[Opening Input material section]

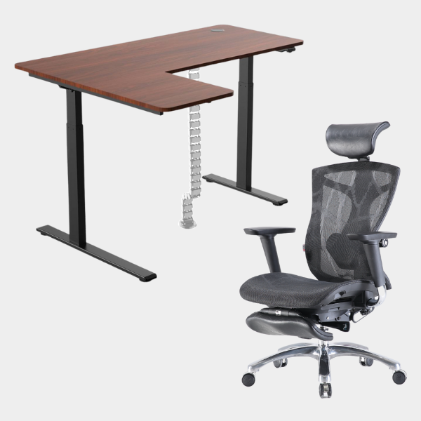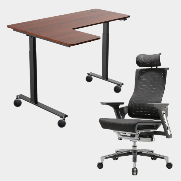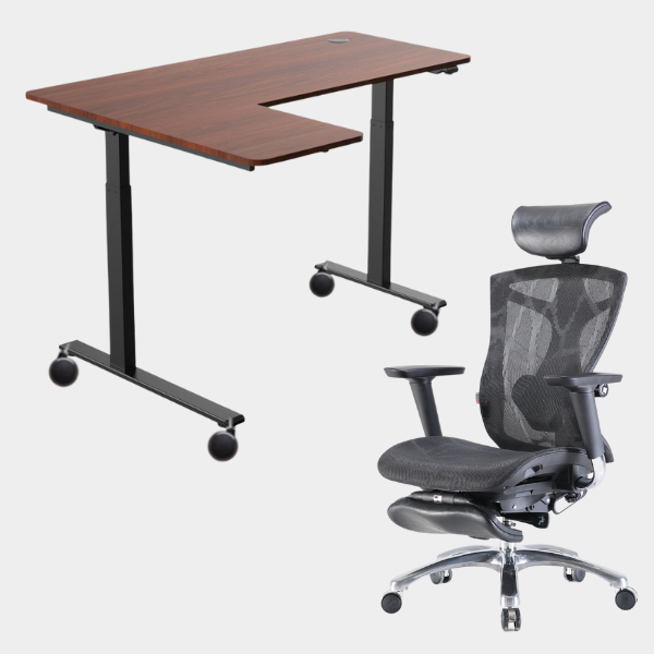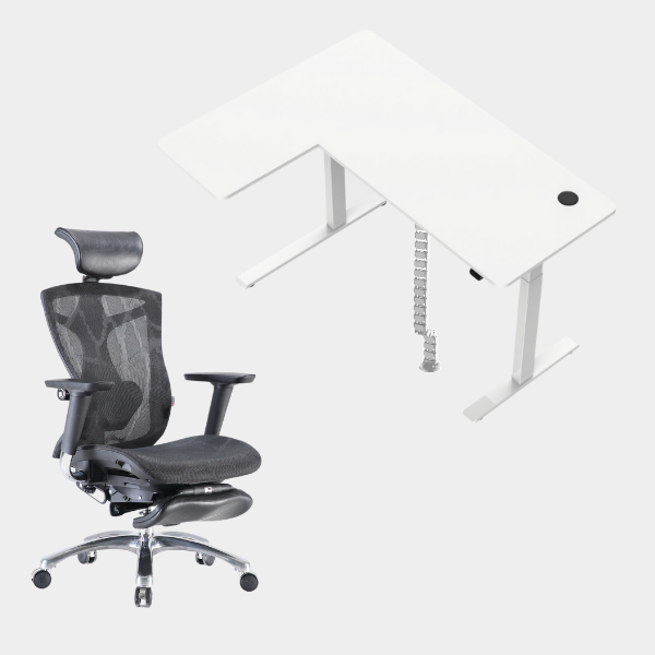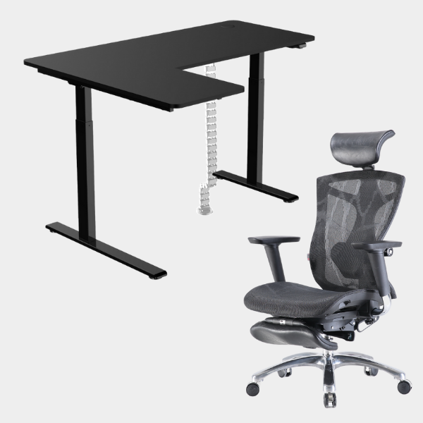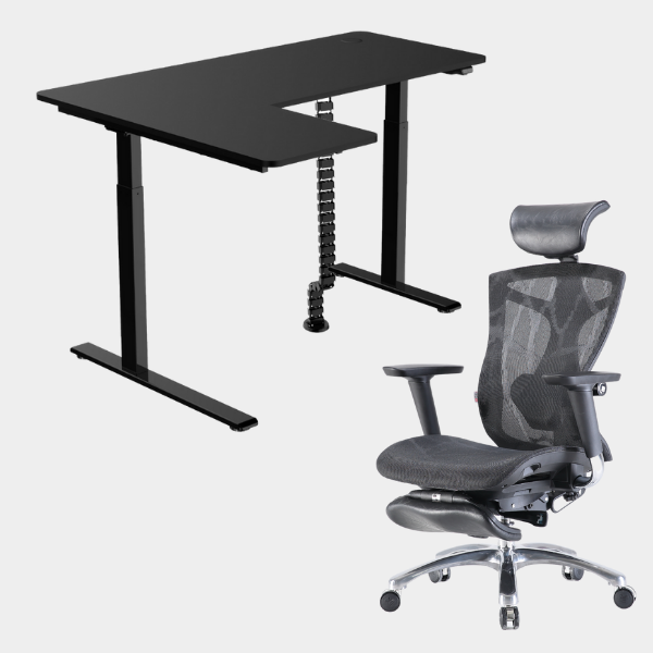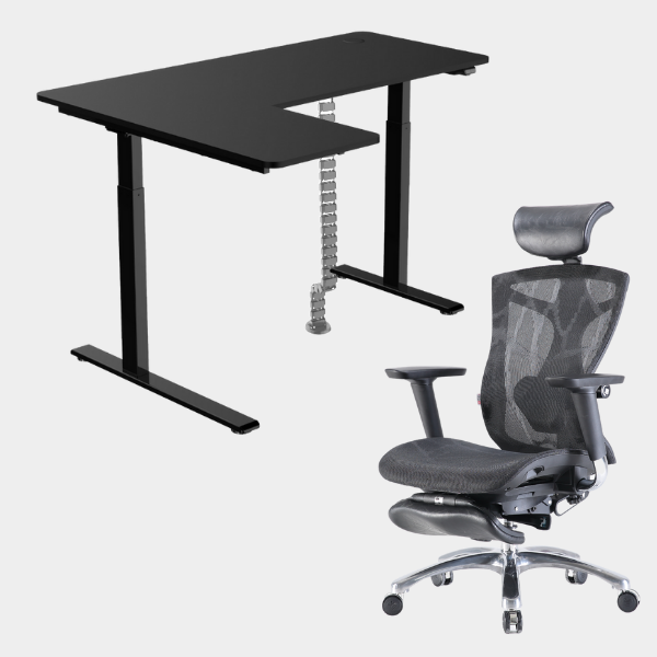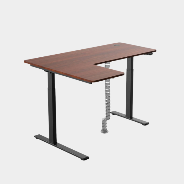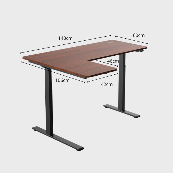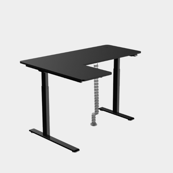 The L-shaped ergonomic height-adjustable design provides extensive space for work and play. This simple 2-button and single motor table can be adjusted powerfully and smoothly to a maximum height of 1.23m. The grommet hole design also allows users to organize their cables neatly underneath the table providing the users with a neat environment for productivity.
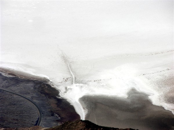 A telephoto shot of where the Badwater Basin access comes out, but no people were visible this afternoon:
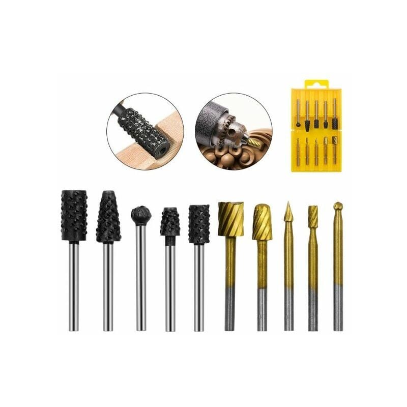 Set 10 mini frese raspe in acciaio per lavorazione rifinitura legno codolo 3mm 10 pezzi di lima rotante fresa per la lavorazione del legno (5 pezzi di nero + 5 pezzi di dorate) Materiale: acciaio ad alta velocità Diametro gambo testa: 3mm Pacchetto/specifica: 10 pezzi in scatola di plastica gialla (120mm x 72mm) È adatto per incisione, smussatura, scanalatura, alesatura, levigatura e molatura di legno, plastica, resina e altri materiali morbidi. contenuto della confezione 10 pezze frese rotanti
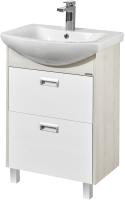 - Боковые стенки и фигурная планка под раковиной изготовлены из ламинированной, текстурированной влагостойкой ЛДСП в цвете дуб сомерсет, а фасады - из крашеной в белый цвет влагостойкой ЛДСП
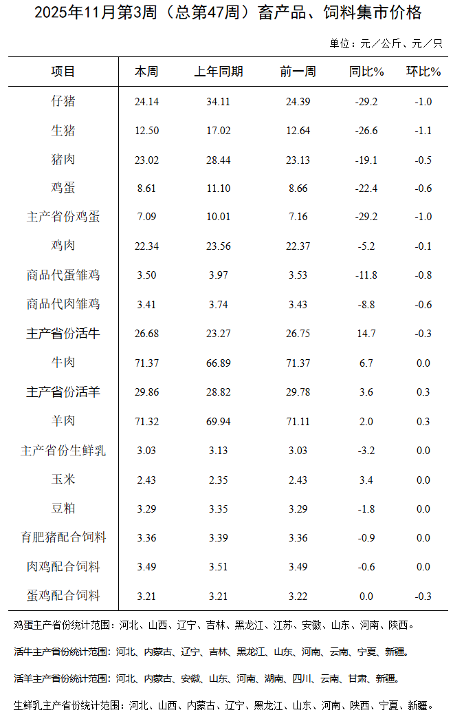 据对全国500个县集贸市场和采集点的监测,11月第3周(采集日为11月20日)肉羊价格环比上涨,生猪产品、鸡蛋、鸡肉、商品代雏鸡、活牛、蛋鸡配合饲料价格环比下跌,牛肉、生鲜乳、玉米、豆粕、育肥猪配合饲料、肉鸡配合饲料价格环比持平。
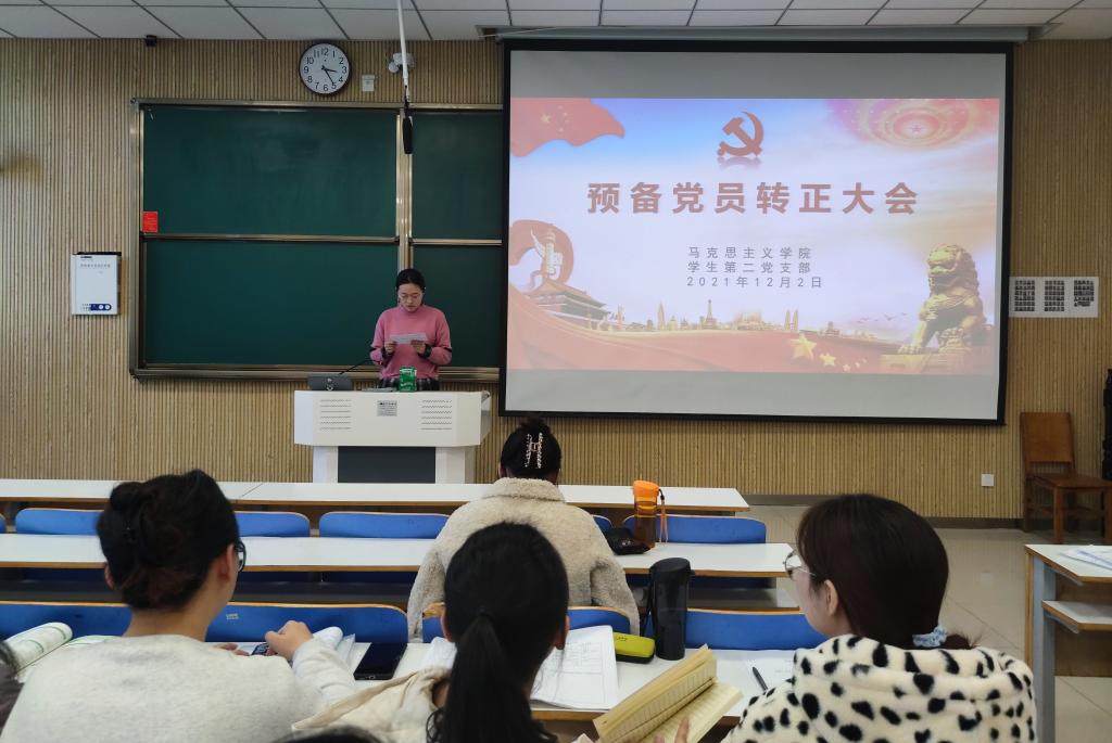 本次会议严格按照党员转正程序开展,认真讨论了贾思琦、耿晗、姜雨杭、李静、席妞五名同志转为正式党员的申请。首先,五名同志依次宣读了转正申请,以及在预备考察期内自己在思想认识、专业学习、生活情况等各方面的现实表现和主要优缺点,表明了加入中国共产党的态度和决心。接着,组织委员黄子晋同志就一年来对五名预备党员的教育和考察情况进行介绍,并就是否同意他们成为正式党员提出意见。随后,全体党员进行不记名投票,贾思琦等五名预备党员全票通过。接着,党支部书记曹梦真宣读本次支部大会转正决议,并对本批转正党员同志提出希望和要求。最后,杨康对本次会议作出总结,他表示五名同志要谨记入党誓词,牢记使命担当,以更加严格的标准来要求自己。
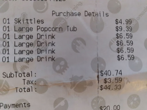 Read more4 large drinks, 1 large popcorn and 1 candy $44.33 !!! Popcorn has been downsized. says "tub" on receipt....it was a med size bag. So they give you even less, but charge more. The gouging has gotten so out of hand that I will never buy another concession item from AMC ever again in my life. I was absolutely floored at the prices, and it was not worth it. Then to add insult, they hand you a paper straw which collapsed by the end of the movie. Half of the flavors were out in coke machine, butter dispensers not working. If I'm paying that much for concessions, you better up your game by MILES!! just chairs don't do it no more. I want bathroom attendants, and a bathroom that does not look like a rest station crack house. I want Chik-fi-la service with a " my pleasure" and a smile at ALL times. The prices were not worth the show. Even came from Cushing to see Spiderman with 5 family members. Should have gone to the Dunkin Theater in Cushing . Oh yea....but the seats were nice?! Lol That was the only positive experience other than the movie itself. Does not balance. If you're lucky!! You might be there on $12 beer night!! Lol ......I'm done. All in all, I expect it to be slightly over priced, because I understand how movie theaters make money. But the hand has overreached at AMC theaters. I didn't even go all out and just casually order for the family. I had to strategically order only a few things and it still cost me 2 steak dinners to buy 1 bag of popcorn, 4 drinks, and skittles. That does not seem to be family friendly at all. Guess I'll have to start doing things like I did when I was a younger going to the movies. Get my candy and sodas...
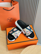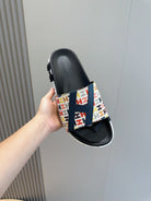 HM SLIPPERS BLACK AND WHITE MONOGRAM CANVAS
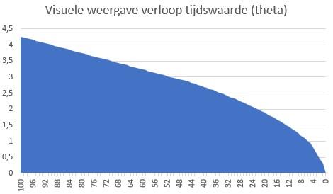 Ook de looptijd van een optie is van invloed op de hoogte van de theta. We verduidelijken dit met een voorbeeld. In de grafiek zien we een at-the-money-optie met een uitoefenprijs van $100 en een impliciete volatiliteit (verwachte beweging) van 20%. De optie in fictieve voorbeeld heeft een looptijd van honderd dagen. In de eerste vijftig dagen verliest de optie $1,28 aan tijdswaarde en in de laatste vijftig dagen $2,98. Hoe dichter een optie bij het einde van de looptijd komt, hoe sneller de tijdswaarde die nog in de optie aanwezig is eruit loopt. Dit is een gebruikelijk patroon bij opties. Het resulteert in een hogere theta naarmate de expiratiedatum in zicht komt.
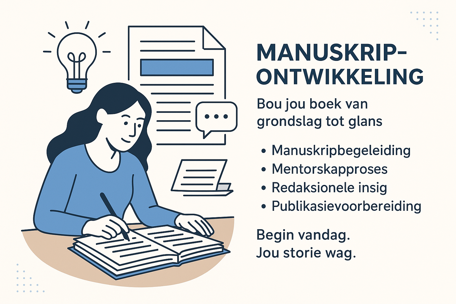 Laat ons jou help om jou droom van ’n voltooide manuskrip te verwesenlik. Ons manuskripontwikkelingsdiens is spesifiek daarop gemik om jou storie na die volgende vlak te neem. Kontak ons om jou kreatiewe reis te begin!
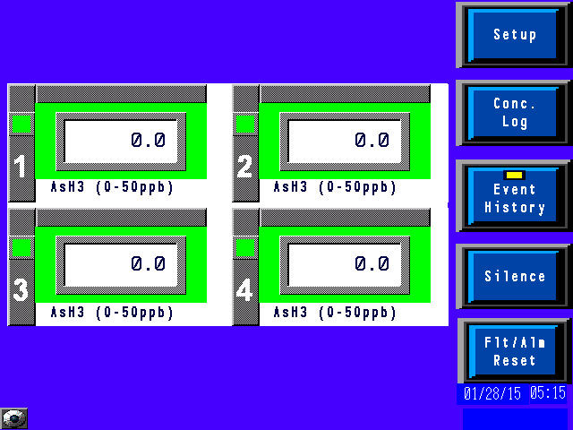 The ChemLogic® 4 point continuous monitor system features ChemLogic® technology with a new intelligent optic system that reduces maintenance and decreases the risk of false positives. This system has a state-of-the-art and user-friendly touch screen control with a CF data collection system. The ChemLogic® 4 surpasses the competition in reducing initial investment and cost of ownership.
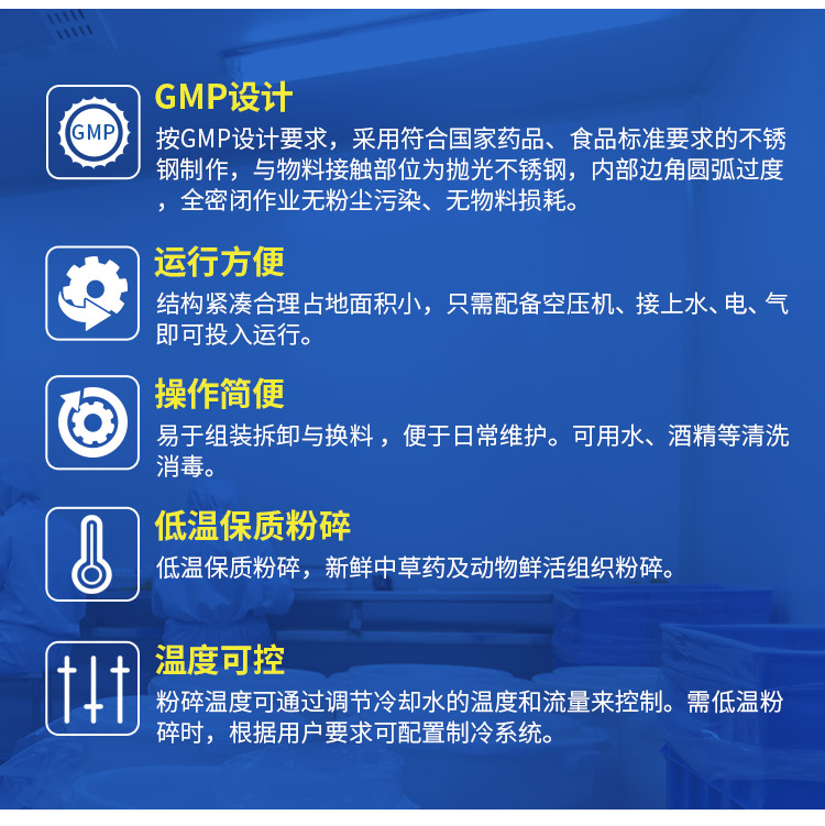◆粉碎腔带有冷却水夹套,可调节水的温度、流量来控制粉碎腔的温度。也可配置强制冷系统,使物料在-30℃-0℃的环境下作。

[Closing Input material section]

Task requirements:
Repeat all of the data above word for word, minus the pictures.

Answer area:
 The L-shaped ergonomic height-adjustable design provides extensive space for work and play. This simple 2-button and single motor table can be adjusted powerfully and smoothly to a maximum height of 1.23m. The grommet hole design also allows users to organize their cables neatly underneath the table providing the users with a neat environment for productivity.
 A telephoto shot of where the Badwater Basin access comes out, but no people were visible this afternoon:
 Set 10 mini frese raspe in acciaio per lavorazione rifinitura legno codolo 3mm 10 pezzi di lima rotante fresa per la lavorazione del legno (5 pezzi di nero + 5 pezzi di dorate) Materiale: acciaio ad alta velocità Diametro gambo testa: 3mm Pacchetto/specifica: 10 pezzi in scatola di plastica gialla (120mm x 72mm) È adatto per incisione, smussatura, scanalatura, alesatura, levigatura e molatura di legno, plastica, resina e altri materiali morbidi. contenuto della confezione 10 pezze frese rotanti
 - Боковые стенки и фигурная планка под раковиной изготовлены из ламинированной, текстурированной влагостойкой ЛДСП в цвете дуб сомерсет, а фасады - из крашеной в белый цвет влагостойкой ЛДСП
 据对全国500个县集贸市场和采集点的监测,11月第3周(采集日为11月20日)肉羊价格环比上涨,生猪产品、鸡蛋、鸡肉、商品代雏鸡、活牛、蛋鸡配合饲料价格环比下跌,牛肉、生鲜乳、玉米、豆粕、育肥猪配合饲料、肉鸡配合饲料价格环比持平。
 本次会议严格按照党员转正程序开展,认真讨论了贾思琦、耿晗、姜雨杭、李静、席妞五名同志转为正式党员的申请。首先,五名同志依次宣读了转正申请,以及在预备考察期内自己在思想认识、专业学习、生活情况等各方面的现实表现和主要优缺点,表明了加入中国共产党的态度和决心。接着,组织委员黄子晋同志就一年来对五名预备党员的教育和考察情况进行介绍,并就是否同意他们成为正式党员提出意见。随后,全体党员进行不记名投票,贾思琦等五名预备党员全票通过。接着,党支部书记曹梦真宣读本次支部大会转正决议,并对本批转正党员同志提出希望和要求。最后,杨康对本次会议作出总结,他表示五名同志要谨记入党誓词,牢记使命担当,以更加严格的标准来要求自己。
 Read more4 large drinks, 1 large popcorn and 1 candy $44.33 !!! Popcorn has been downsized. says "tub" on receipt....it was a med size bag. So they give you even less, but charge more. The gouging has gotten so out of hand that I will never buy another concession item from AMC ever again in my life. I was absolutely floored at the prices, and it was not worth it. Then to add insult, they hand you a paper straw which collapsed by the end of the movie. Half of the flavors were out in coke machine, butter dispensers not working. If I'm paying that much for concessions, you better up your game by MILES!! just chairs don't do it no more. I want bathroom attendants, and a bathroom that does not look like a rest station crack house. I want Chik-fi-la service with a " my pleasure" and a smile at ALL times. The prices were not worth the show. Even came from Cushing to see Spiderman with 5 family members. Should have gone to the Dunkin Theater in Cushing . Oh yea....but the seats were nice?! Lol That was the only positive experience other than the movie itself. Does not balance. If you're lucky!! You might be there on $12 beer night!! Lol ......I'm done. All in all, I expect it to be slightly over priced, because I understand how movie theaters make money. But the hand has overreached at AMC theaters. I didn't even go all out and just casually order for the family. I had to strategically order only a few things and it still cost me 2 steak dinners to buy 1 bag of popcorn, 4 drinks, and skittles. That does not seem to be family friendly at all. Guess I'll have to start doing things like I did when I was a younger going to the movies. Get my candy and sodas...
 HM SLIPPERS BLACK AND WHITE MONOGRAM CANVAS
 Ook de looptijd van een optie is van invloed op de hoogte van de theta. We verduidelijken dit met een voorbeeld. In de grafiek zien we een at-the-money-optie met een uitoefenprijs van $100 en een impliciete volatiliteit (verwachte beweging) van 20%. De optie in fictieve voorbeeld heeft een looptijd van honderd dagen. In de eerste vijftig dagen verliest de optie $1,28 aan tijdswaarde en in de laatste vijftig dagen $2,98. Hoe dichter een optie bij het einde van de looptijd komt, hoe sneller de tijdswaarde die nog in de optie aanwezig is eruit loopt. Dit is een gebruikelijk patroon bij opties. Het resulteert in een hogere theta naarmate de expiratiedatum in zicht komt.
 Laat ons jou help om jou droom van ’n voltooide manuskrip te verwesenlik. Ons manuskripontwikkelingsdiens is spesifiek daarop gemik om jou storie na die volgende vlak te neem. Kontak ons om jou kreatiewe reis te begin!
 The ChemLogic® 4 point continuous monitor system features ChemLogic® technology with a new intelligent optic system that reduces maintenance and decreases the risk of false positives. This system has a state-of-the-art and user-friendly touch screen control with a CF data collection system. The ChemLogic® 4 surpasses the competition in reducing initial investment and cost of ownership.
◆粉碎腔带有冷却水夹套,可调节水的温度、流量来控制粉碎腔的温度。也可配置强制冷系统,使物料在-30℃-0℃的环境下作。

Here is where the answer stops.